The Festival Prelude
Originally written to inaugurate the five-manual organ in Vienna’s Konzerthaus, this work has become one of the most widely accepted contest/festival pieces in the modern concert band repertoire. Based entirely on one theme and two fanfare-like figures that occur throughout, this is an extremely effective opening piece that builds to a power-soaked conclusion.
This is a grand opening fanfare composed for Brass Quintet (2 Bb trumpets, French horn, trombone and tuba) and Timpani. It was originally written for the opening of a festival or similar event and it is a very widely accepted contest/festival work.
It is built entirely from one main theme and two fanfare-like figures that occur throughout the score. After an opening flourish develops from the first of these fanfare figures, the main theme is stated in a sweeping unison of Woodwinds and Saxophones with interjections of Brass. This builds to a powerful climax, followed by another statement of the first fanfare figure.
This then leads into a flowing variation on the main theme, with the orchestral strings (violas and cellos divided) providing a rich, saturated sonority. The piece then concludes with a final statement of the main theme, developed in massive Brass chords to a thundering finale. In addition to this, the work includes a short coda, building and developing a contrasting theme.

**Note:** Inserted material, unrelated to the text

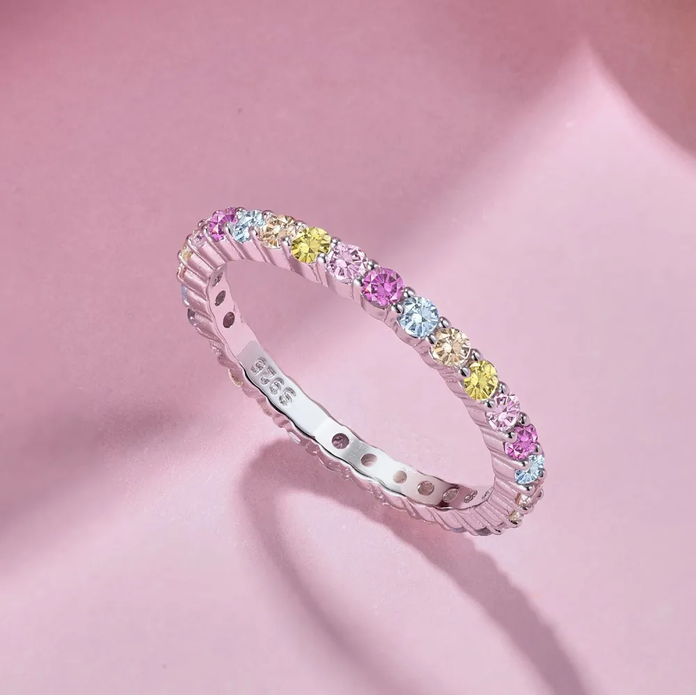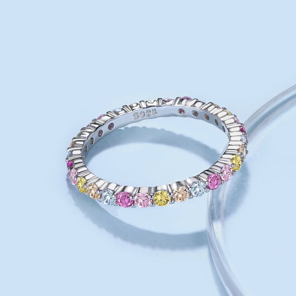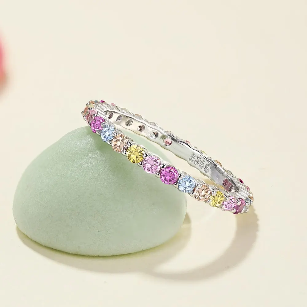 Dylam Eternity Band Rings 2mm 5A Cubic Zirconia Diamond S925 Silver Rhodium Plated Colorful Wedding Engagement Promise Rings
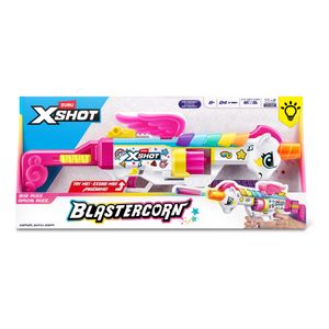 Equipped with 24 Air Pocket Technology foam darts, it delivers powerful blasts reaching up to 98 ft/30m, offering everything you'd expect and more from a Blastercorn—bigger and better than ever! Perfect for outdoor play or open spaces where you'll be able to see your darts fly through the air up to 98 feet. It's the perfect blaster for ages 8+.

The Festival Prelude is curated by four practicing theatre artists whose disciplines range from playwriting to dramaturgy to directing and hybrid artistry. And unlike other festivals with staid artistic teams where you can count on seeing certain kinds of theater, at Prelude the programming is always changing.
This is because the team at Prelude carefully tries to keep with Hentschker’s idea that a theater festival should preserve and build on the advantage of its community. And that means reverberating with the community aspirations and needs.
The euphonium-driven opening of the piece gives way to a flowing theme that gradually develops through layers of musical texture, reaching a climax at measure 83. From there, the second fanfare figure resumes and leads to a resplendent conclusion. Throughout, the orchestra plays with a sense of democratic purpose. Neither the low instruments nor the brasses establish themselves as dominant, and thus the work avoids the kind of sterile dualism that would give it a “contest” feel.
This spirited and virtuosic composition is perfect for any festival, concert or other musical event. Its bright and cheerful theme is augmented by fanfare-like figures throughout the piece, creating a rich, saturated sonority that is sure to impress audiences.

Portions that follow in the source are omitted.